One of the most important international money markets is the Eurocurrency market, which governments, international organizations and companies can rely on to solve their financial problems Eurodollar is the key currency in the market. It is the U. S. dollar held outside the United States, usually as a deposit in a commercial bank. Funds from such deposits, which may be made either by U. S. residents to by nonresidents, are lent either to other banks or to corporate or government borrowers throughout the world. Eurodollars were first created after World WarⅡ, when the United States bought more goods and services with dollars than other nations bought from it with foreign currency, creating a substantial balance of payments deficit. Part of the deficit was made up by American sales of gold, but most of the surplus dollars simply remained in circulation in bank deposits owned by foreigners. These deposits, which until 1971 were freely convertible into gold (by foreign central banks), became foreign exchange reserves for the foreign country in which they were held; since they were convertible into gold they were treated as thought they were gold. Thus foreign banks could indirectly use Eurodollars as a basis for deposit expansion, and the Eurodollar became a substitute for increased gold production, permitting economic expansion. It remained in circulation only so long as European interest rates were somewhat higher than those in the United States; if the American rate was higher, the Eurodollar owner (usually a bank) would "repatriate" the Eurodollar by investing it in securities in America; and the Eurodollar would thus become an ordinary U. S. dollar.
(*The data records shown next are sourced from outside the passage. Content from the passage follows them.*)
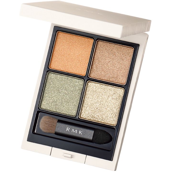 「涙袋の下の位置にチークを指で横長にのばし、余ったチークを鼻先にも置くと顔が短く見えます。右下のアイシャドウを眉下まで広げ単色で仕上げた目元、ツヤ出しの透明リップでナチュラルな印象に」(桑野さん)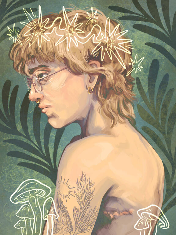 Aster, sometimes also known as Charlie, is an artist with a fascination in the fields of biology from the Canadian Pacific Northwest. They are currently based in the state of Massachusetts while pursuing their BFA in Illustration with a Minor in Creative Writing. Recently, their art has taken the form of comics, zines, poetry, storytelling, and risograph printing, which they use as a vessel for exploring the duality of decay and growth in the natural world.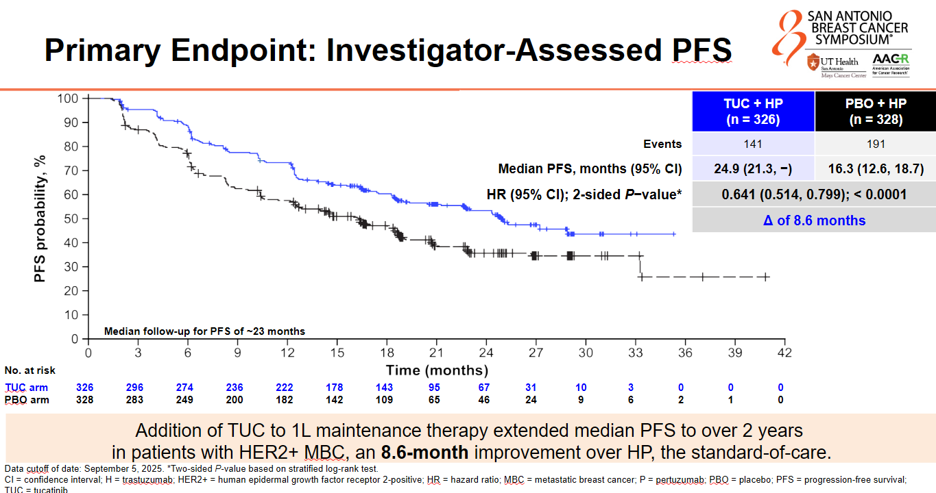 Pfizer’s small-molecule HER2 inhibitor Tukysa looks set to move into early HER2-positive breast cancer after showing a convincing benefit in first-line maintenance. The Her2climb-05 trial, presented at SABCS on Wednesday, found a 36% reduction in the risk of disease progression or death with Tukysa plus Roche’s Herceptin and Perjeta, versus Herceptin plus Perjeta, with a p value of less than 0.0001. Here, Tukysa could take on Pfizer’s CDK4/6 inhibitor Ibrance, which showed a similar relative benefit when added to standard of care in the Patina study; however, Patina only included patients with ER-positive disease, while Her2climb-05 enrolled ER-positive and negative patients. Still, the elephant in the room is AstraZeneca and Daiichi’s HER2-targeting ADC Enhertu, which recently impressed alongside Perjeta in Destiny-Breast09, in first-line HER2-positive disease. At a SABCS press conference, Dr Erika Hamilton of the Sarah Cannon Research Institute contended that “there will still be desire for a maintenance strategy, whether that’s Patina or Her2climb-05. I don’t think there’s going to be an appetite to continue Enhertu indefinitely.” An FDA decision on Enhertu in the front line is expected early next year; Pfizer has yet to disclose a filing for Tukysa, which is currently approved second line.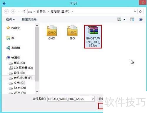 3、 随后将弹出窗口,进入U盘目录,找到并选中Ghost Win8系统镜像文件,点击打开按钮完成操作,所示。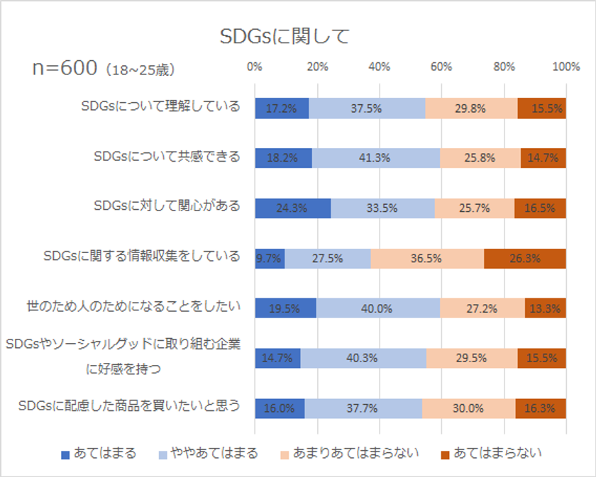 全国の18歳~25歳の男女600人に「SDGs」に関して複数の質問をしたところ、「SDGsについて理解している」については、「あてはまる」「ややあてはまる」が54.7%、「SDGsについて共感できる」59.5%、「SDGsについて関心がある」57.8%と6割近い結果に。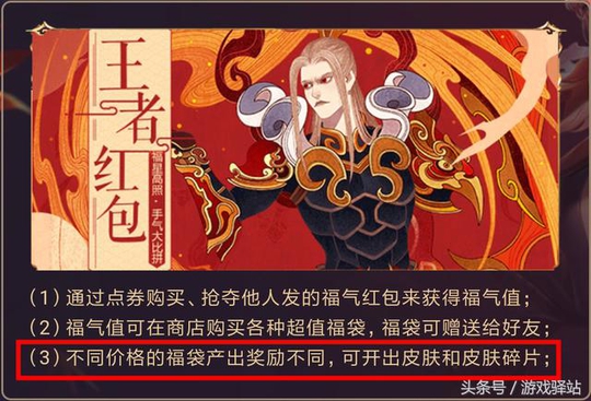 福气值可在福气商城购买超值福袋,福袋按照价位不同可开出不同的奖励(皮肤/皮肤碎片),据悉皮肤有高级也有普通的,比如杨戬和后羿的狗年限定皮肤、宫本传说皮肤等,另外福袋也可以送给好友哦!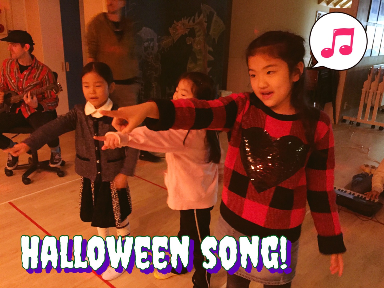 最後は生徒さんが大好きな(送迎バスの中でもみんな歌っています)、ハロウィンソングの練習です。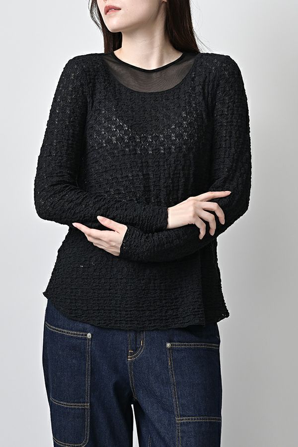 オーガニックレースを使用したシュリンクレースは、ポリウレタンを加えることで立体的な凹凸感を表現。首周りの透け感あるチュールが、華やかで女らしい印象をプラスするゴージャスなインナーに仕上がりました。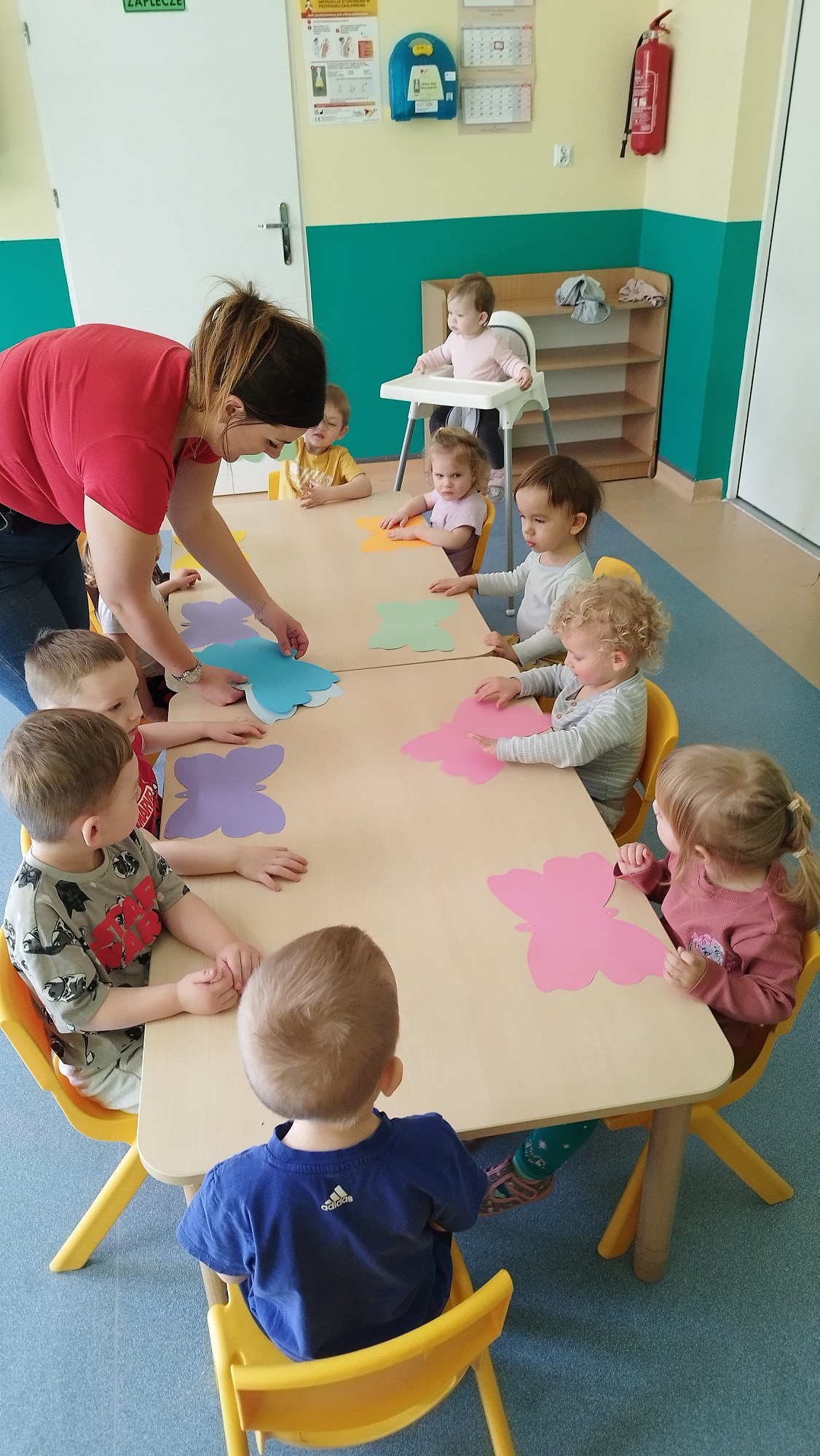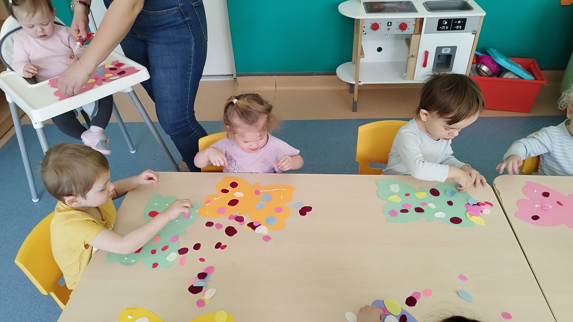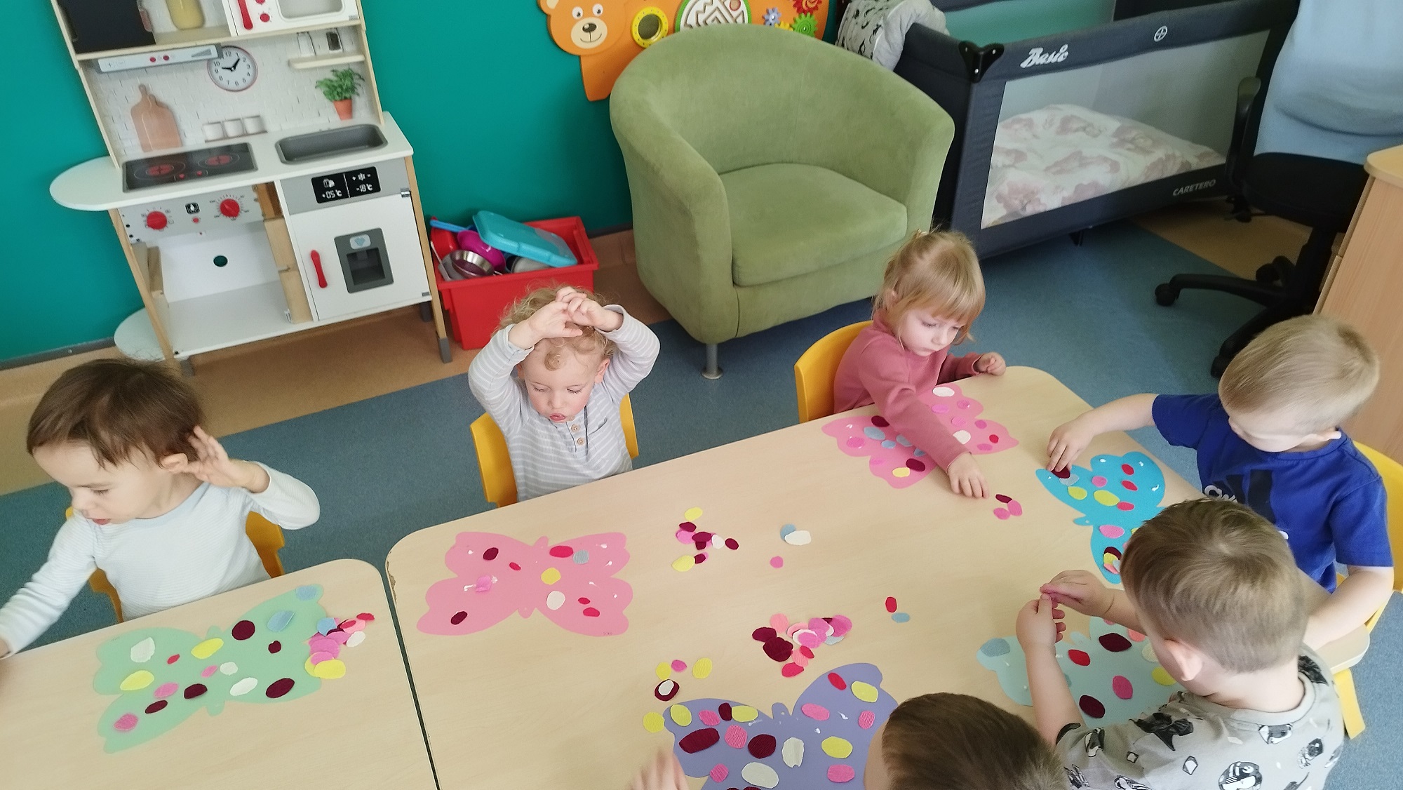 Przy stoliku na maluchy czekała praca plastyczna- wyklejanka. Małe rączki przyklejały kolorowe plamki i naklejki na papierowe skrzydełka motyli.

However, European countries tended to keep their interest rates slightly higher in order to prevent excessive domestic inflation. Thus the Eurodollar benefited both lenders, who earned more interest on them, and borrowers, who could use them to circumvent American exchange controls and raise money overseas. Further, Eurodollar funds increased when American businesses bought European firms or set up branches and built new pants in Europe with U. S. dollars that remained in circulation abroad (as Eurodollars). Earnings from these properties enabled the American owner to pay off their loans and repatriate the dollars if they wished. In practice, however, they have continued to use them, along with even more Eurodollars, to acquire other European assets. Other key currencies are used in this way, but none has found so large a market as the Eurodollar. The center for Eurodollar transactions is London. By 1980 the Eurodollar market had grown so that it was the dominant channel for international movements of capital. For many central banks it became the major investment outlet for their reserves. It lent far more than the International Monetary Fund to support countries with balance of payments problems and was a major source of financial aid to less developed countries.

The Eurodollar borrowing rate is based on the London interbank offer rate (LIBOR), which measures the rate at which banks in the foreign market will lend dollars to one another. This interest rate is considered one of the most valid barometers of the international cost of money. Unlike other bank deposits, Eurodollar are not influenced by the monetary policy of the Federal Reserve (because they are out of the United States), or the Bank of England (because they are not a British currency), or any other central bank. For this reason, speculators began trading futures on Eurodollar time deposit rates, a financial future officially approved by the Commodity Futures Trading commission late in 1981. In this trading, no Eurodollar futures contracts actually change hands, just as New York banks operate in the London Eurodollar market without a single dollar bill actually moving between the two cities. Rather, when a contract expires, the exchange on which it is traded averages the interbank rates of the leading London banks on that day, and that is the final settlement price for the delivery.